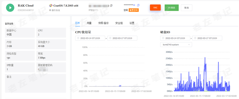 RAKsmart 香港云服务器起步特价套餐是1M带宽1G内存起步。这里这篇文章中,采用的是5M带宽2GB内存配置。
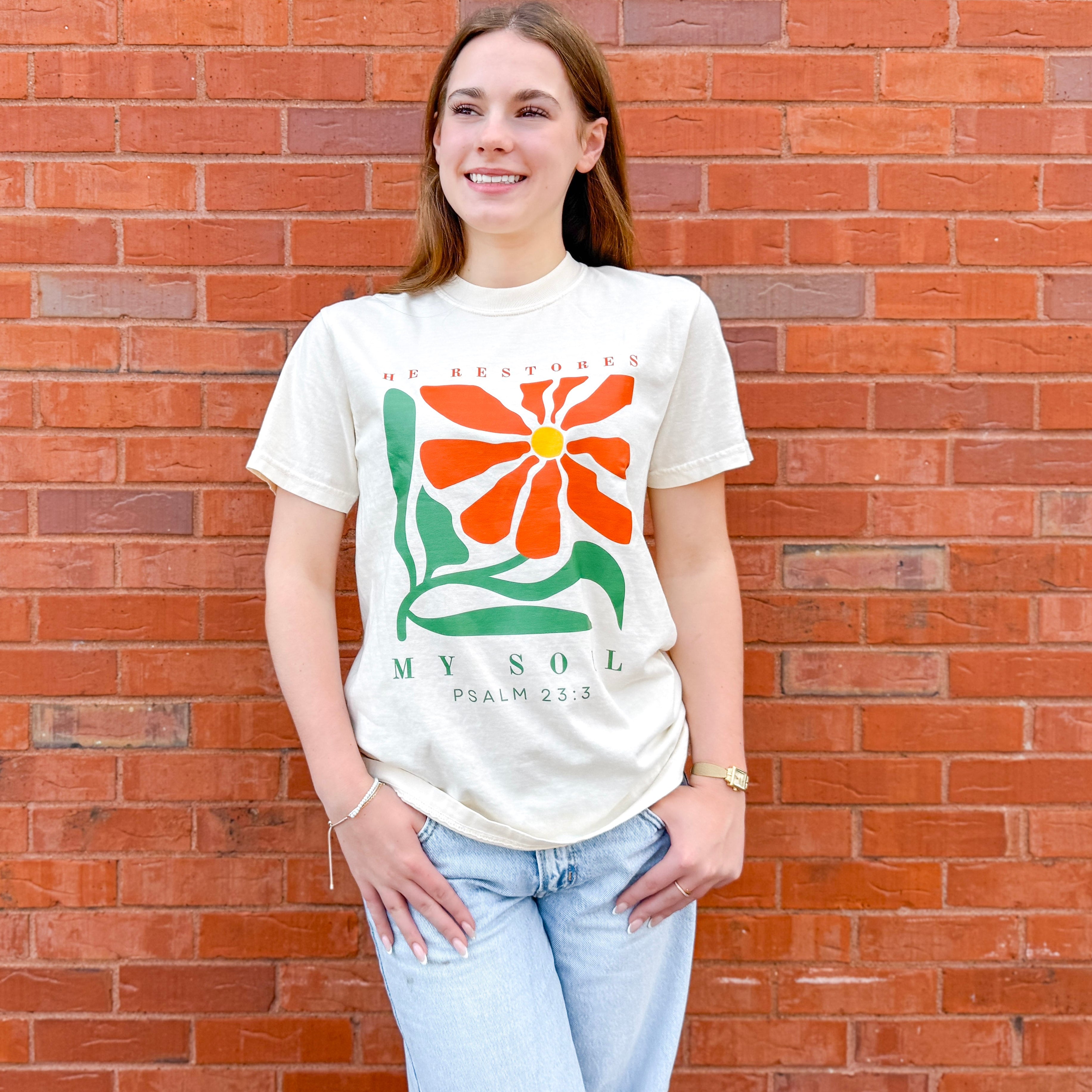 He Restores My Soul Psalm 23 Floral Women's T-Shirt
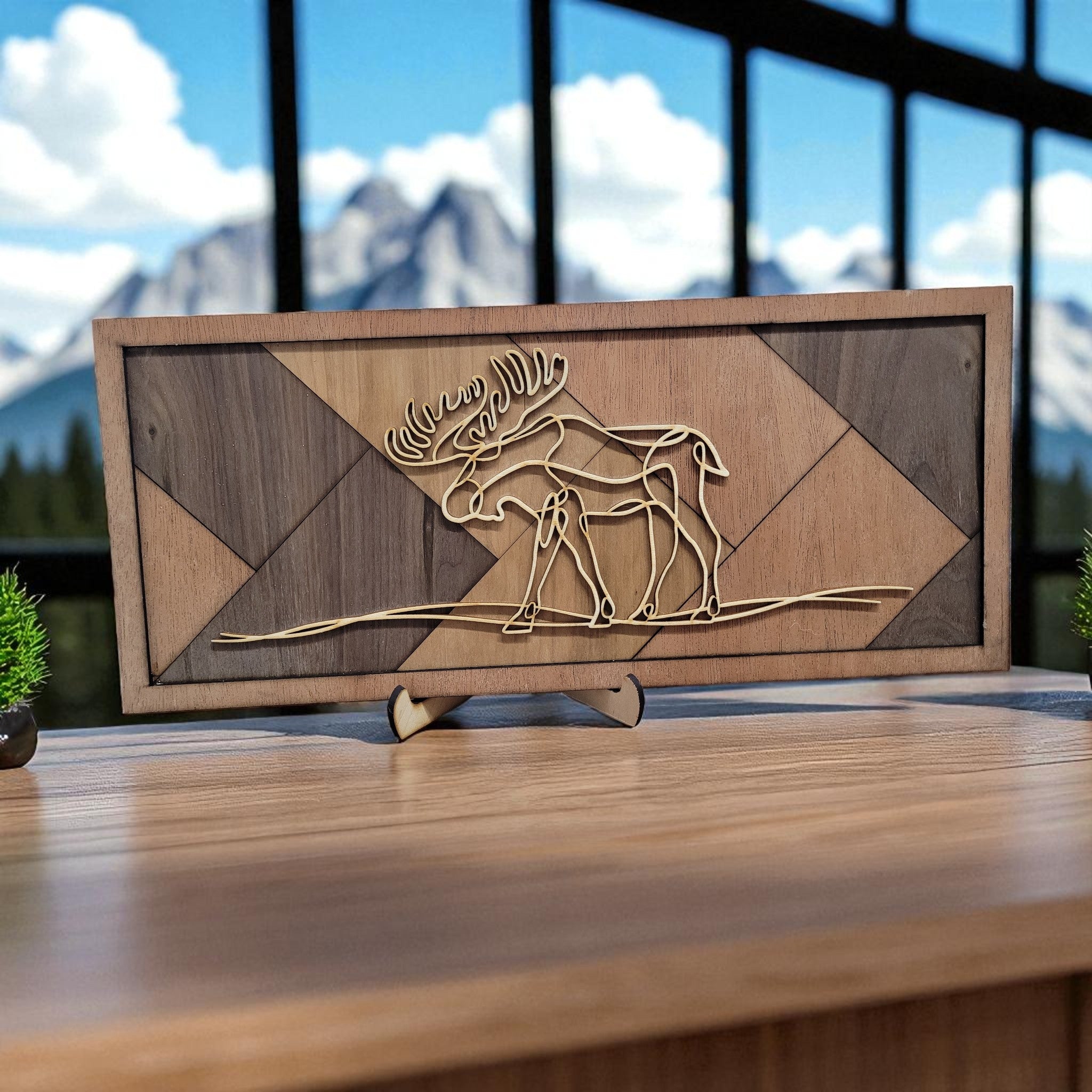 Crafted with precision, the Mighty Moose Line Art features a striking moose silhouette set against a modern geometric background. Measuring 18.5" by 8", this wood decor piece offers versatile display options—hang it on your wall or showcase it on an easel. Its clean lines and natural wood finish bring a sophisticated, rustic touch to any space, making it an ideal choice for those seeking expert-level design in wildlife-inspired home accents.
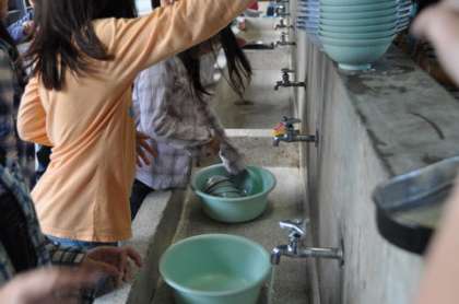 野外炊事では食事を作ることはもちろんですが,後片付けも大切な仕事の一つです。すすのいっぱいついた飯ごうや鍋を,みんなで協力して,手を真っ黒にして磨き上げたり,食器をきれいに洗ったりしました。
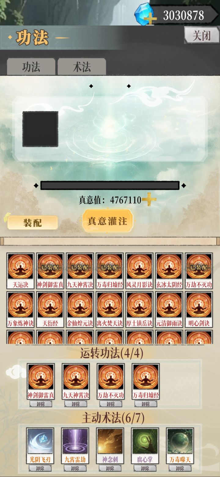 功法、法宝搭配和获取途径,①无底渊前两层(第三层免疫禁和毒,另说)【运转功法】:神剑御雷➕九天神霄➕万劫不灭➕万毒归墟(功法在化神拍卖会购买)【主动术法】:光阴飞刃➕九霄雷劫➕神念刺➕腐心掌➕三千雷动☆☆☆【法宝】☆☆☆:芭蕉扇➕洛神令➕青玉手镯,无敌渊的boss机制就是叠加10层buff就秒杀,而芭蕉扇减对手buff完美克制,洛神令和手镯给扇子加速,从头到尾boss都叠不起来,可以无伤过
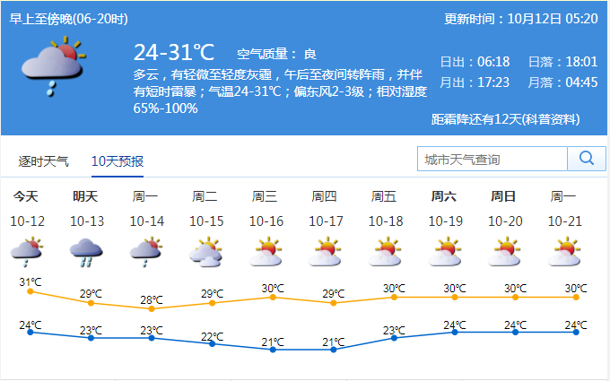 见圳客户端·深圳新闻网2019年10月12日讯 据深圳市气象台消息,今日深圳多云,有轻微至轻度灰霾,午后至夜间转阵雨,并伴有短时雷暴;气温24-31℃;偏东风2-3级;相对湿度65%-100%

==

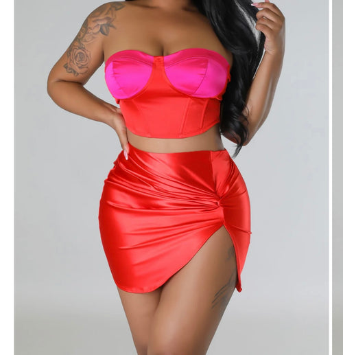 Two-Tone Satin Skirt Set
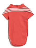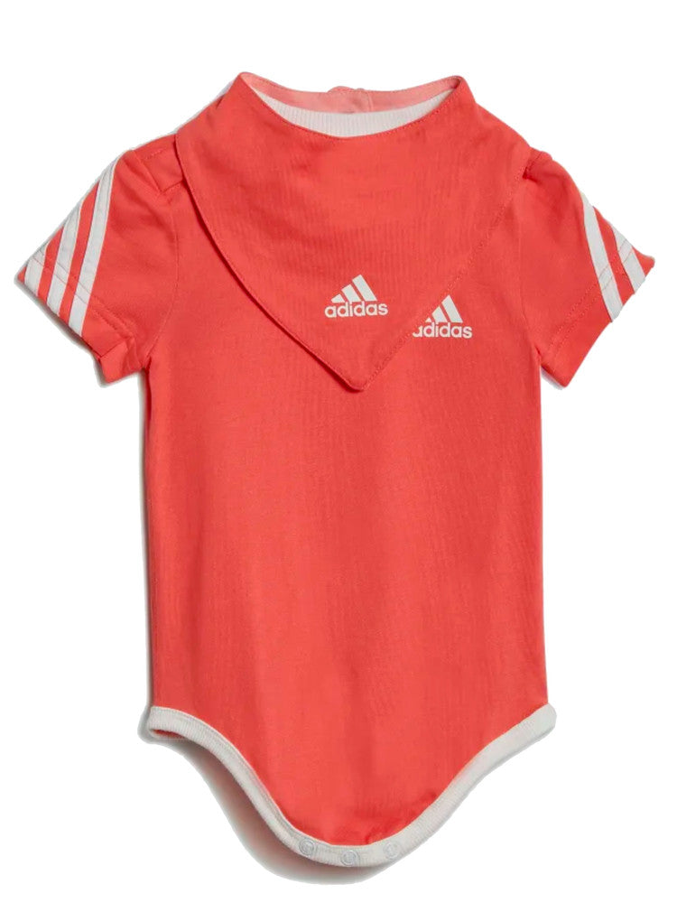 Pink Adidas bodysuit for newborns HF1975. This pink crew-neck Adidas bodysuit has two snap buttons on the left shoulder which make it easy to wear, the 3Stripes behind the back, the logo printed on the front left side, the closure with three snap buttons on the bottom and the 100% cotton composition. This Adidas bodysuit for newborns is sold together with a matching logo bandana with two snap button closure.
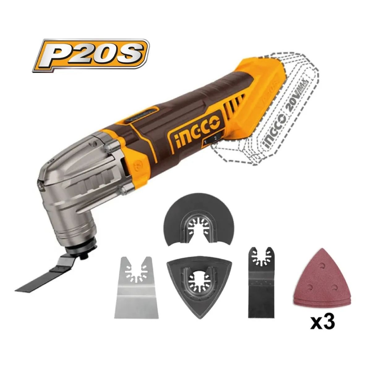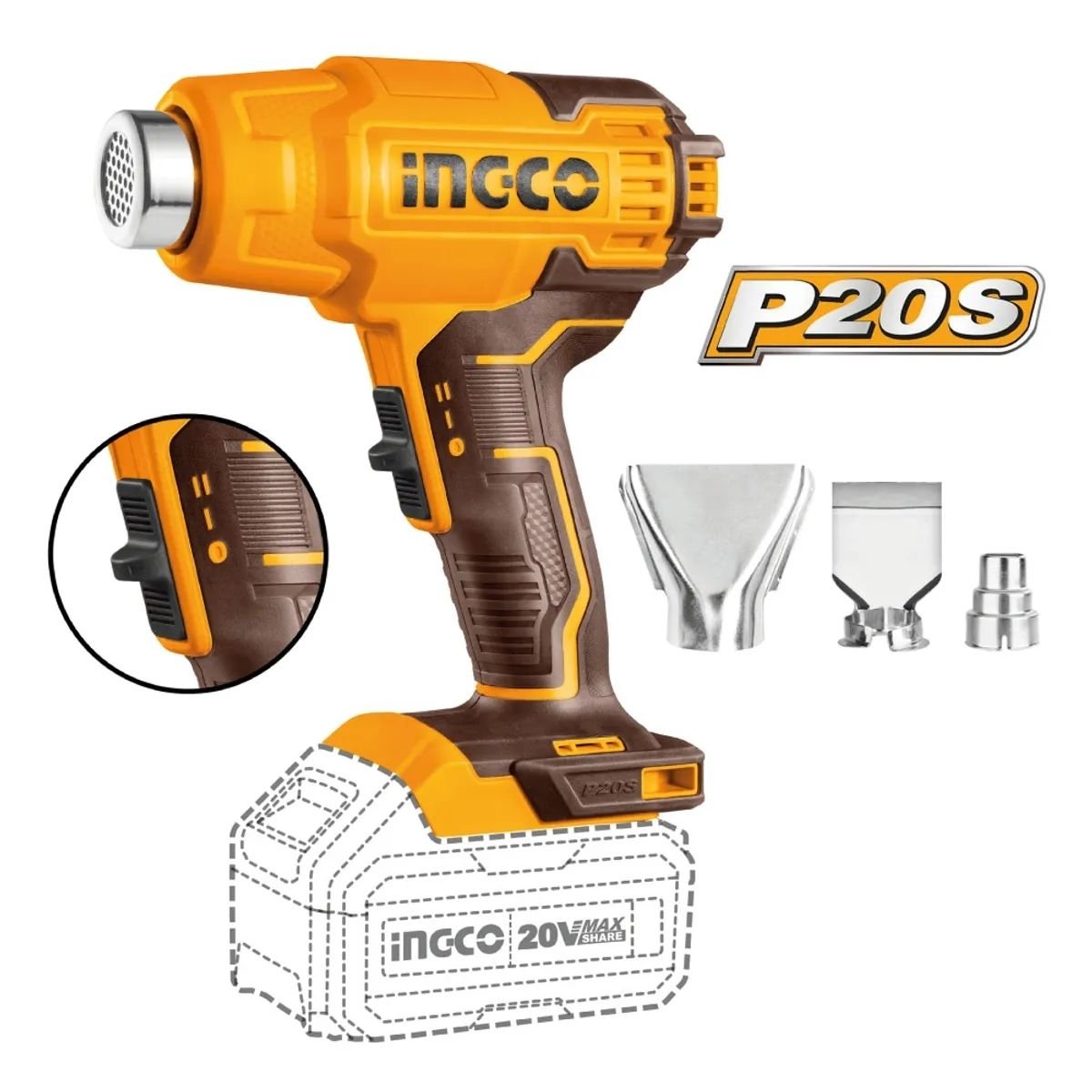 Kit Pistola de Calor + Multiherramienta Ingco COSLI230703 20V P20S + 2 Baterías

• **EXERCISE REQUIREMENTS**: The lines to reproduce run from the one above containing "Crafted with precision, the" through the one containing "见圳客户端·深圳新闻网201". Copy them exactly and leave out all pictures.

• **SOLUTION TO THE PROBLEM**:
 Crafted with precision, the Mighty Moose Line Art features a striking moose silhouette set against a modern geometric background. Measuring 18.5" by 8", this wood decor piece offers versatile display options—hang it on your wall or showcase it on an easel. Its clean lines and natural wood finish bring a sophisticated, rustic touch to any space, making it an ideal choice for those seeking expert-level design in wildlife-inspired home accents.
 野外炊事では食事を作ることはもちろんですが,後片付けも大切な仕事の一つです。すすのいっぱいついた飯ごうや鍋を,みんなで協力して,手を真っ黒にして磨き上げたり,食器をきれいに洗ったりしました。
 功法、法宝搭配和获取途径,①无底渊前两层(第三层免疫禁和毒,另说)【运转功法】:神剑御雷➕九天神霄➕万劫不灭➕万毒归墟(功法在化神拍卖会购买)【主动术法】:光阴飞刃➕九霄雷劫➕神念刺➕腐心掌➕三千雷动☆☆☆【法宝】☆☆☆:芭蕉扇➕洛神令➕青玉手镯,无敌渊的boss机制就是叠加10层buff就秒杀,而芭蕉扇减对手buff完美克制,洛神令和手镯给扇子加速,从头到尾boss都叠不起来,可以无伤过
 见圳客户端·深圳新闻网2019年10月12日讯 据深圳市气象台消息,今日深圳多云,有轻微至轻度灰霾,午后至夜间转阵雨,并伴有短时雷暴;气温24-31℃;偏东风2-3级;相对湿度65%-100%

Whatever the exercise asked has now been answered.